There is a credulous belief among lab-leak theorists that GoF research can serve as some kind of deus ex machina to explain why their pet conspiracy theory can be true, but this is demonstrably false because such GoF experiments also have their limitations.

Novelist Nicholson Baker has published a lengthy speculation in New York Magazine arguing that SARS-CoV-2 was “designed,” and cites methods like “no-see’m” as ways for scientists to manipulate viruses without “any signs of human handiwork.” In contrast, prominent scientists like microbiologist Susan Weiss and virologist Linfa Wang have argued that they couldn’t create SARS-CoV-2, even if they tried.

Sam Husseini criticized virologists like Kristian Andersen for supposedly not considering “other lab methods” that could have created coronavirus mutations without leaving behind any laboratory signatures in an influential Nature study, which concluded that they “do not believe that any laboratory-based scenario is plausible” for the Covid-19 pandemic. Husseini argued, implying Dr. Andersen’s naivete, that “other forms of lab manipulation” besides bioengineering — such as “serial passage,” where one passages a virus through animals (rather than cell culture) to induce mutations — could have created SARS-CoV-2.

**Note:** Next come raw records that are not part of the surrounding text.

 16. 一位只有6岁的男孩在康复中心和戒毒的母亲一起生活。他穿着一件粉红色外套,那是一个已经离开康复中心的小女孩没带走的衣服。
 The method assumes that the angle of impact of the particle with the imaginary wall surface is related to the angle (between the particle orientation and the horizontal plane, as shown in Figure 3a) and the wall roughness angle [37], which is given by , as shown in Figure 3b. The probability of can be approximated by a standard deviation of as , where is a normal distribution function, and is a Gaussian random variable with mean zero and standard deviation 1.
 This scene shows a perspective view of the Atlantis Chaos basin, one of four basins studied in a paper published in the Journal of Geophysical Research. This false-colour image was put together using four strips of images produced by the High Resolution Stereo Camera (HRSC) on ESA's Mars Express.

Husseini credulously cites biologist Richard Ebright’s claim:

Very easy to imagine the equivalent of the Fouchier’s “10 passages in ferrets” with H5N1 influenza virus but, in this case, with 10 passages in non-human primates with bat coronavirus RaTG13 or bat coronavirus KP876546.

Plenty of things, however, are “very easy to imagine” without being plausible, as scientists like Dr. Garry and Dr. Perlman have clarified that in order to construct SARS-CoV-2 with GoF experiments one would need a virus backbone that matches at least 99% of its genome, if not as high as 99.9%. This is why Dr. Goldstein told me that the odds of someone creating SARS-CoV-2 from RaTG13 (previously the closest known relative to SARS-CoV-2, with a 96% genome match, until Laotian and French scientists published a preprint this month, a study yet to be peer-reviewed, reportedly finding three bat viruses that are the closest relatives to SARS-CoV-2 in Laos) are “zero percent.”

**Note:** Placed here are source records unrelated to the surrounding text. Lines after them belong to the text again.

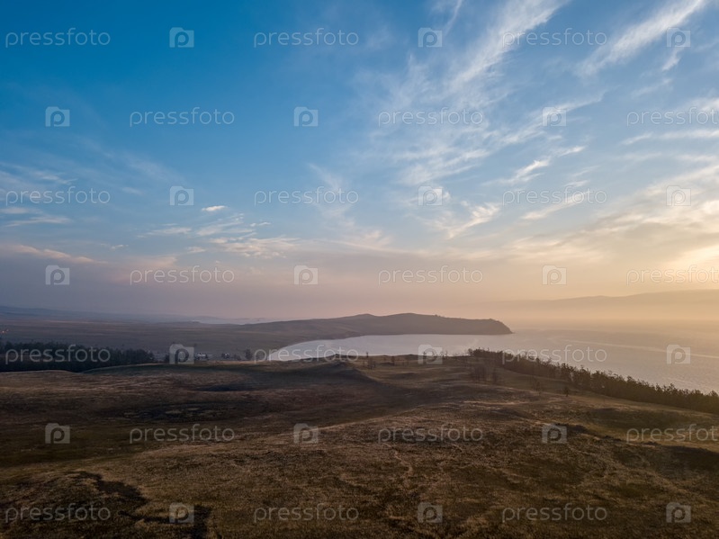 Заходящее солнце над заливом Малого моря Байкал. Россия, остров Ольхон. Снято с дрона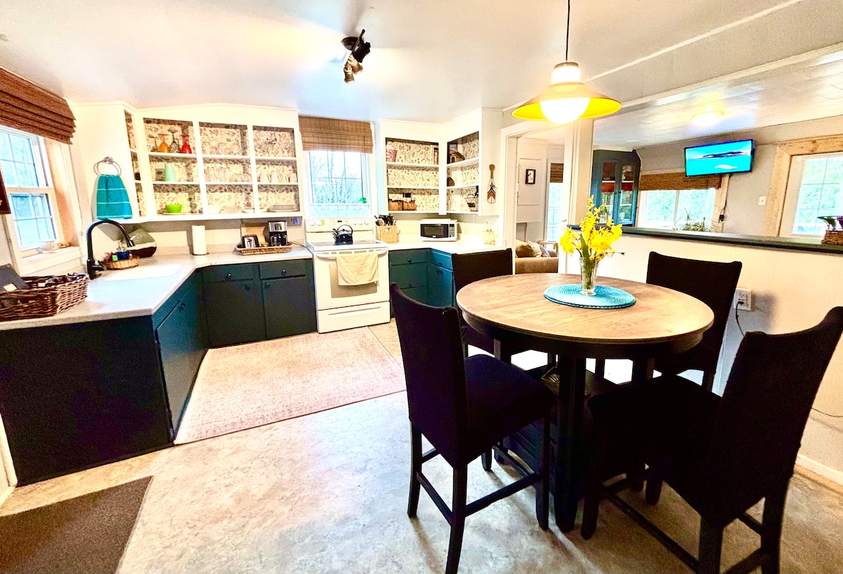 Cottage con soppalco con 1 camera da letto restaurato lungo le rive del fiume Salmon. Questa proprietà sul lungomare è ideale per chi cerca pace e tranquillità circondati dalla natura, ma si trova in città e vicino ai servizi. Accomodati accanto a un caminetto elettrico. Completo di forniture per la cucina. Cucina open space con piano cottura a induzione. Tutto ciò di cui avrai bisogno è in loco. Forno a microonde. Aria condizionata. Alloggi per massimo due persone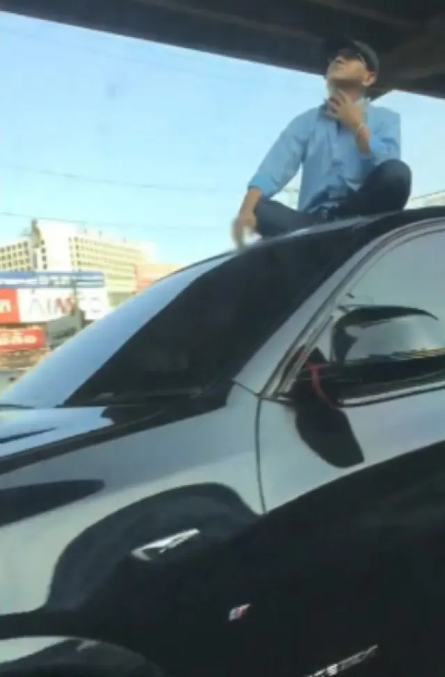 จากกรณีโลกออนไลน์มีการแชร์คลิปเหตุการณ์ที่มีชายคนหนึ่งสวมเสื้อสีฟ้านั่งสูบบุหรี่อยู่บนหลังคารถ BMW ป้ายแดงกลางถนน ซึ่งเป็นช่องทางด่วนบริเวณย่านรังสิต โดยผู้โพสต์คลิประบุเพียงว่า "ข้างๆ มีอุบัติเหตุ แต่ไม่รู้ว่าชายคนดังกล่าวเป็นอะไร" จนสร้างความแปลกใจและวิพากษ์วิจารณ์ถึงความไม่เหมาะสม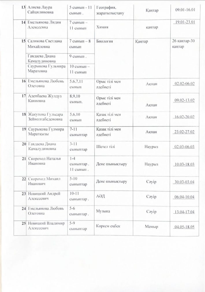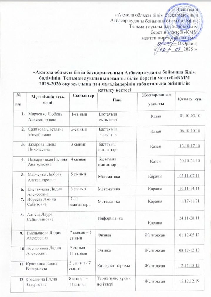 2025-2026 оқу жылының арналған мектеп әкімшілігінің сабаққа бару кестесі
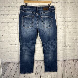 BKE Jeans Mens 36S Nolan Straight Leg Whiskered Stretch Buckle Thick Stitching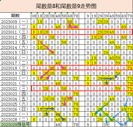 尾数8三个号,尾数9三个号,近20期的尾数开出个数慢慢的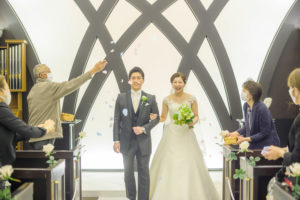 結婚式のようにバージンロードを歩き、退場するお二人をフラワーシャワーで祝福。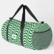 Monogram Green & White Wavy Stripes Psychedelic Hypnotic Duffle Bag. All-over-print tote bag with a wavy design in SVG format. Much like the ocean or a curvy zigzag or Chevron art. Edit to change the colored background and wavy lines to different colors. You can also choose different bag types from the pulldown. If using the pulldown, please click "Edit" to check that the pattern covers all layers.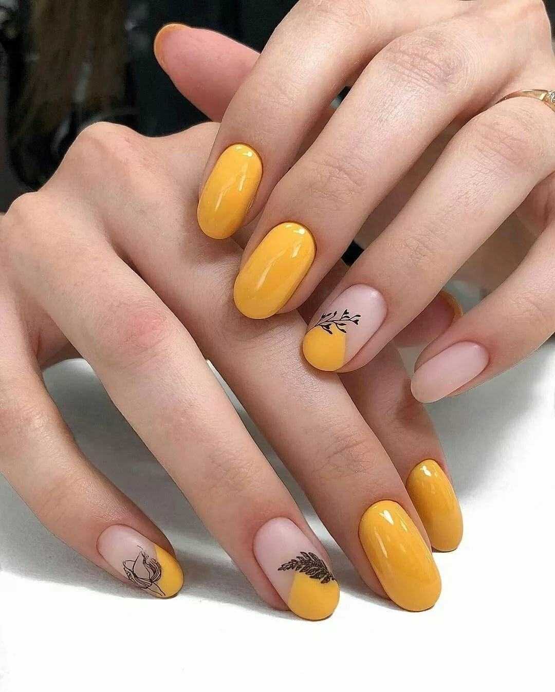 #7 Маникюр горчичного цвета 2020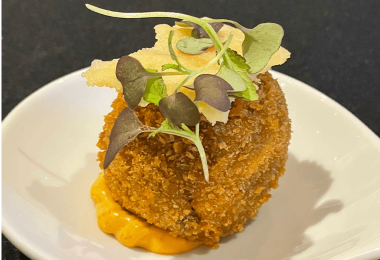 Arancini de hongo: croquetas de hongo acompañadas de alioli con pimentón ahumado y un crocante de queso parmesano.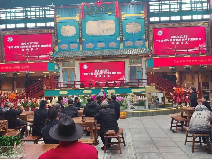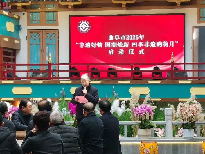 腊月年味浓,圣城非遗兴。2月12日,农历腊月二十五,曲阜市“非遗好物 国潮焕新 四季非遗购物月”启动仪式在蓼河古街·孔府宴秀隆重举行,标志着我市2026年春节非遗系列活动正式拉开帷幕。

review in a peer-reviewed journal by over twenty of the world’s eminent virologists argues that the 4% genetic distance between the SARS-CoV-2 and RaTG13 genomes (equivalent to approximately 1,150 mutations) reflects decades of evolutionary change, and that the discovery of other bat viruses — not collected by the WIV and sequenced after the pandemic began — which share a more recent common ancestor with SARS-CoV-2 than RaTG13, demonstrates “beyond reasonable doubt that RaTG13 is not the progenitor of SARS-CoV-2, with or without laboratory manipulation or experimental mutagenesis.”

Dr. Perlman also explained that passaging a virus through non-human primates or humanized mice to make a virus more virulent or transmissible to those species doesn’t necessarily mean it would be capable of infecting humans, as many animal viruses aren’t capable of infecting humans.

This demonstrates that those claiming that GoF research on viruses like RaTG13 is capable of creating SARS-CoV-2 are either misrepresenting the capabilities of GoF research or are simply unaware of its limitations.

The Intercept’s dodgy reporting on “gain-of-function” research

In light of all this information, it becomes obvious why The Intercept’s latest reporting detailing research by the WIV based on an NIH grant to the EcoHealth Alliance, obtained through Freedom of Information Act litigation, is so misleading. I previously reported that The Intercept did not understand the significance of their own documents when they tried to misleadingly present them as “new” information that “raise[s] additional questions about the theory that the pandemic may have begun in a lab accident,” when it is actually evidence against a lab leak.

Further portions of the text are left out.